1 Computational Foundations
Modern deep learning is defined by scale. The largest language models contain over a trillion parameters, require terabytes of memory, and demand thousands of petaFLOP compute days to train. Before exploring techniques to make this scale accessible to researchers and engineers with limited resources (you), we must first develop tools for reasoning about the computational requirements of these models.
This chapter develops the fundamental arithmetic of deep learning: how numbers are represented in hardware, how much memory a model consumes during inference and training, and how many floating-point operations each forward and backward pass requires.
1.1 Number Representation
All computation on modern hardware operates on finite representations of numbers. Understanding these representations is essential for reasoning about memory consumption, numerical precision, and the tradeoffs that arise when training at reduced precision.
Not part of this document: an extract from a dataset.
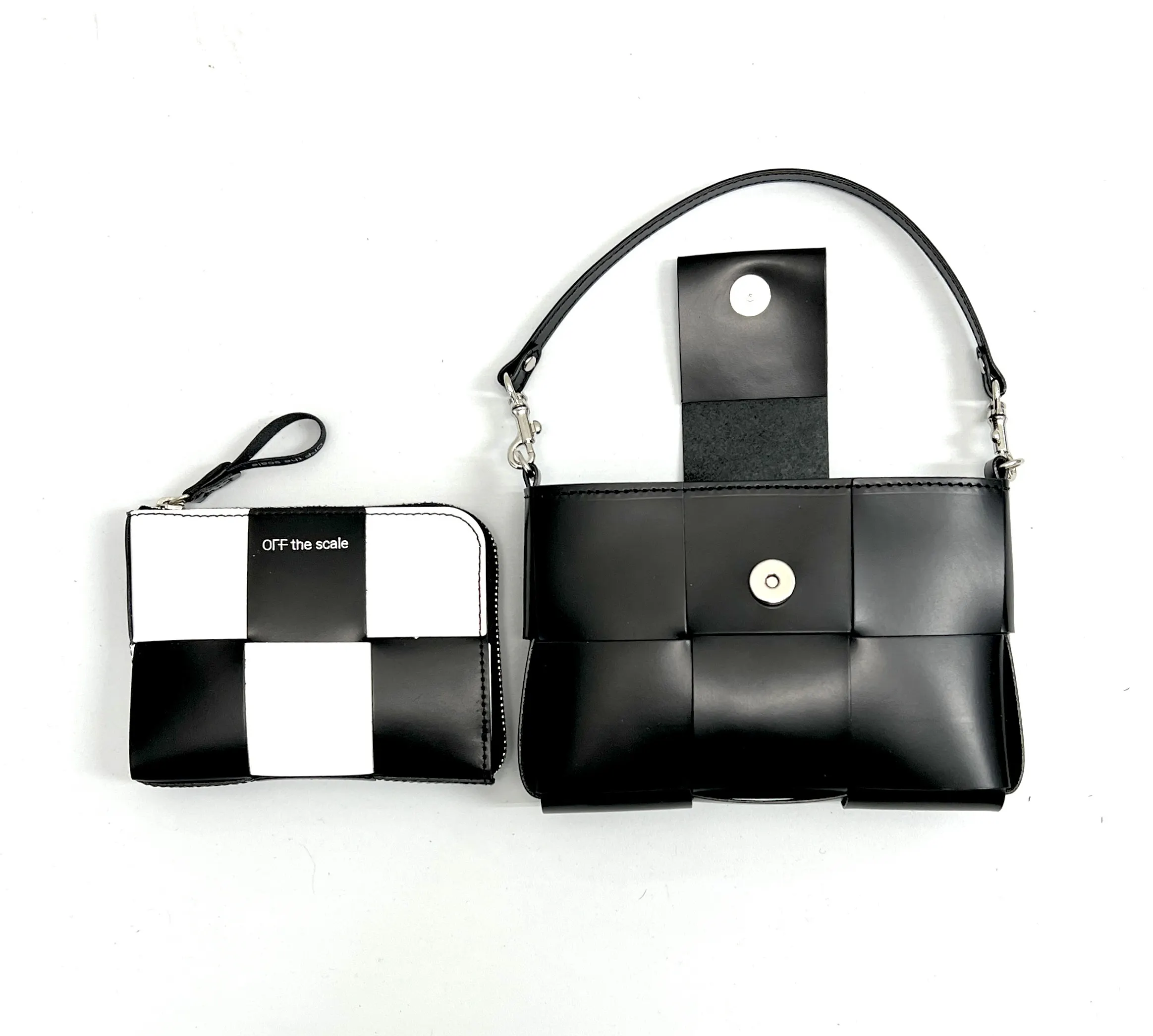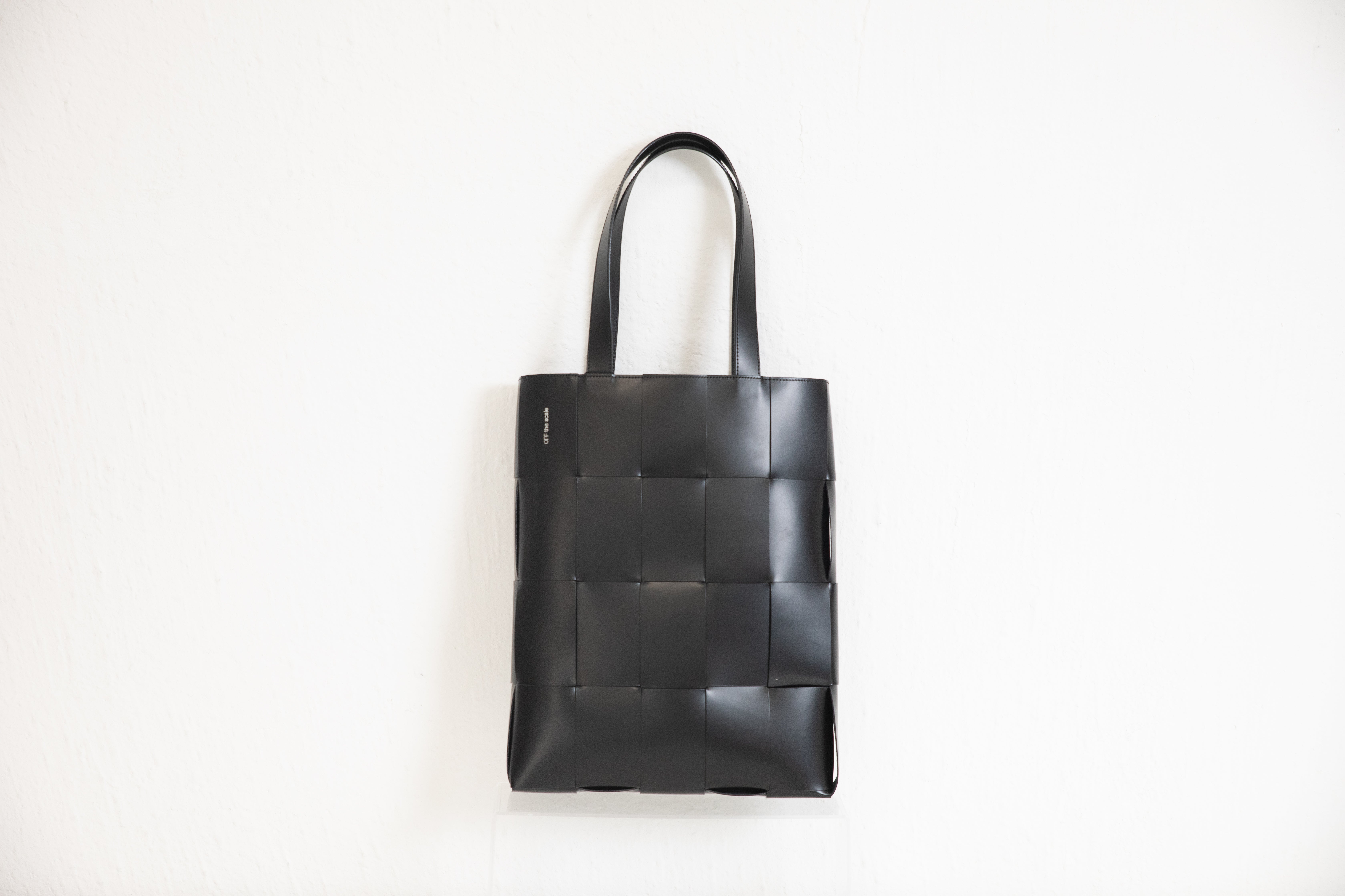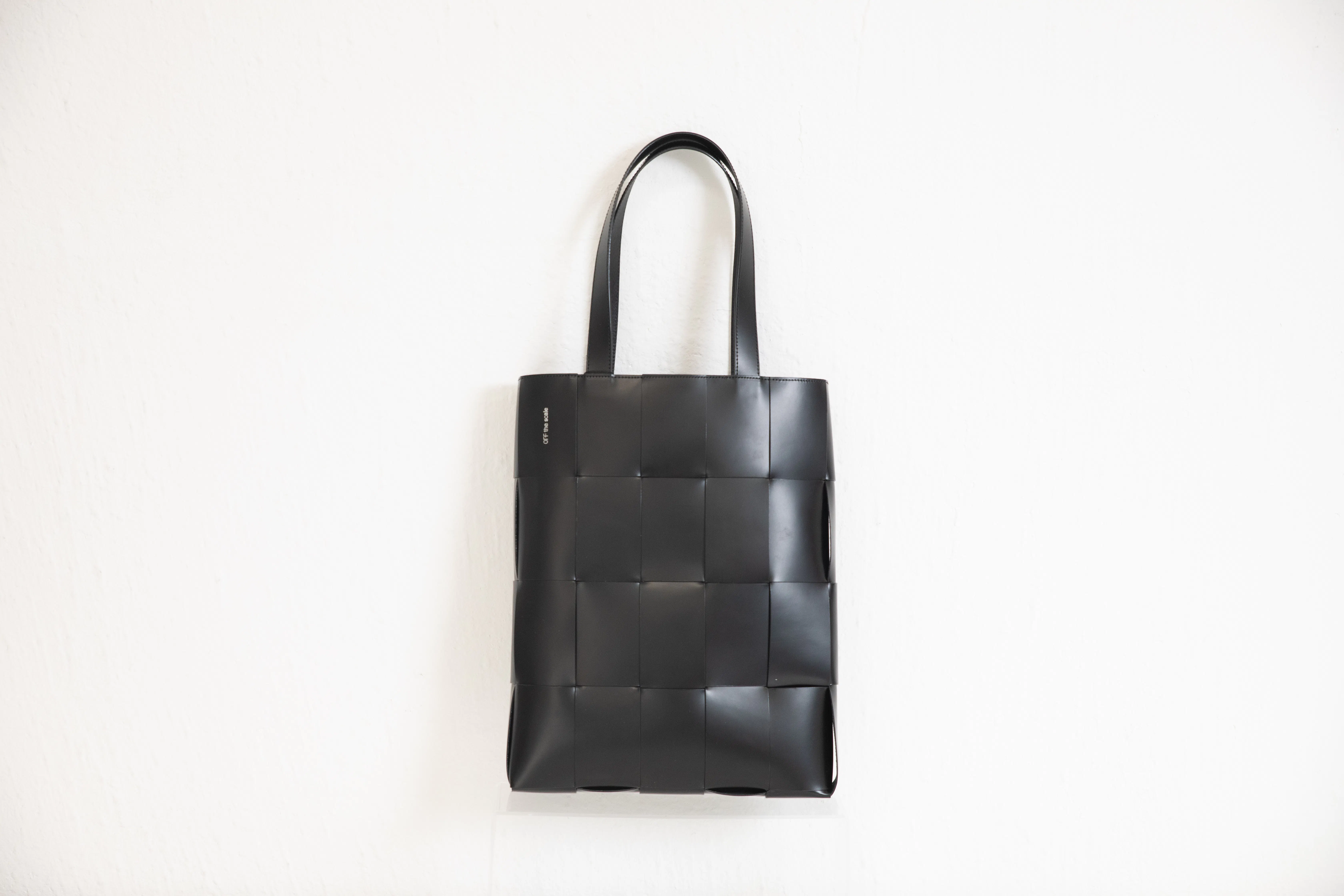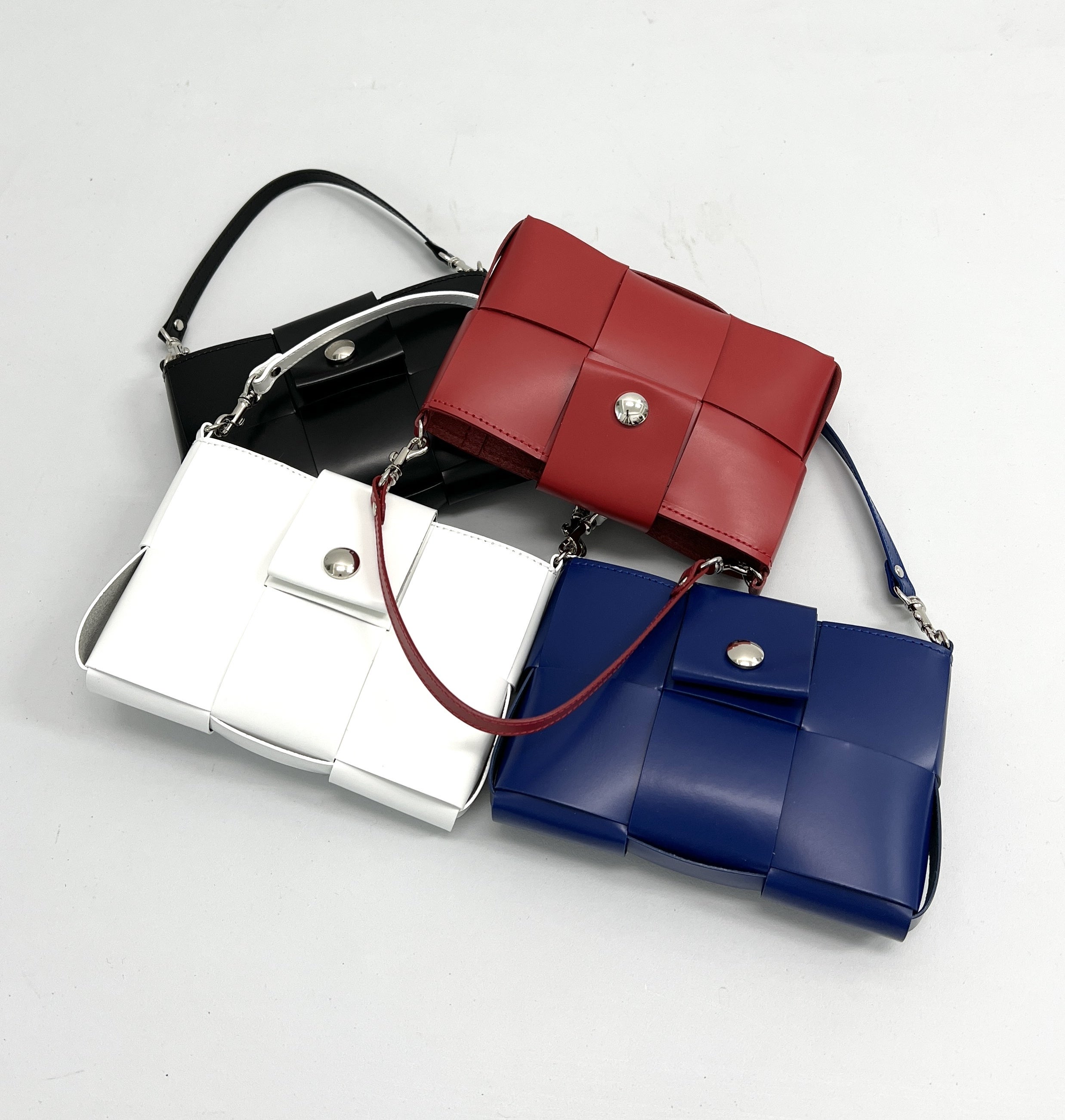 スクエア型の独自の「組む編む」フォルムは、シンプルながらも個性的な印象を与えます。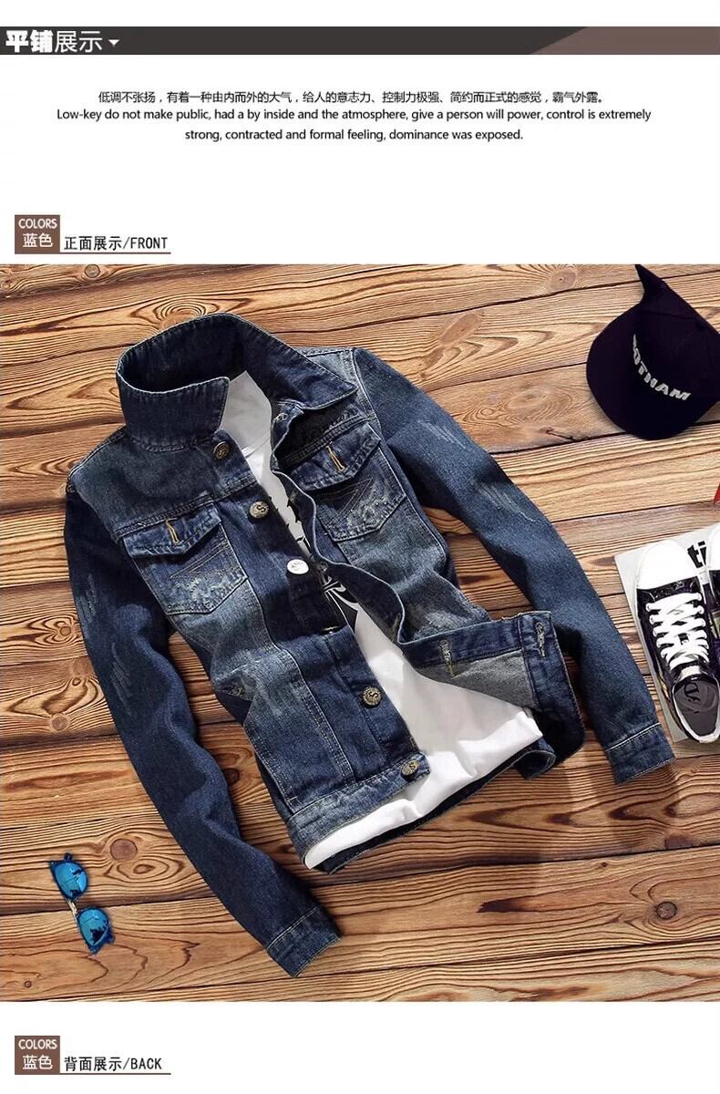 秋冬デニムジャケットメンズスタイルスリムデニムジャケット破れ薄いデニムジャケット若い学生メンズジャケットトレンディ オータム 秋物 ウィンター 冬物 undao40189941506

A bit is a single binary digit taking the value 0 or 1. A byte is a string of 8 bits, capable of representing \(2^8 = 256\) distinct values. In INT8 representation, each number is stored using 8 bits (1 byte). Using a signed representation, INT8 can encode integers in the range \([-127, 127]\), giving \(2^8 = 256\) distinct values.
Integer representations are simple and memory-efficient—each INT8 value occupies exactly one byte—but they cannot represent fractional values or numbers outside a narrow range. We would struggle to do deep learning with this data type. This motivates the use of floating-point systems.
A floating-point number consists of three components (the term “floating point” refers to the fact that the radix point can float relative to the significant digits):
- Sign bit (\(s\)): determines whether the number is positive or negative.
- Exponent (\(e\)): an integer that sets the magnitude (range) of the number.
- Fraction (or mantissa, \(f\)): determines the precision of the number.
When the exponent field is all zeros, the number is called subnormal (or denormalised). Subnormal numbers fill the gap between zero and the smallest normal floating-point value, providing gradual underflow instead of an abrupt jump to zero. However, GPU hardware typically flushes subnormals to zero in reduced-precision formats (FP16, BF16), so the exponent range remains the primary defence against underflow in practice. See Wikipedia: Subnormal number.
The number of exponent bits determines the range (how large or small values can be), while the number of fraction bits determines the precision (how finely values are resolved). Deep learning models are empirically more sensitive to underflow and overflow (range) than to rounding errors (precision). This will be explored in Section 3.3.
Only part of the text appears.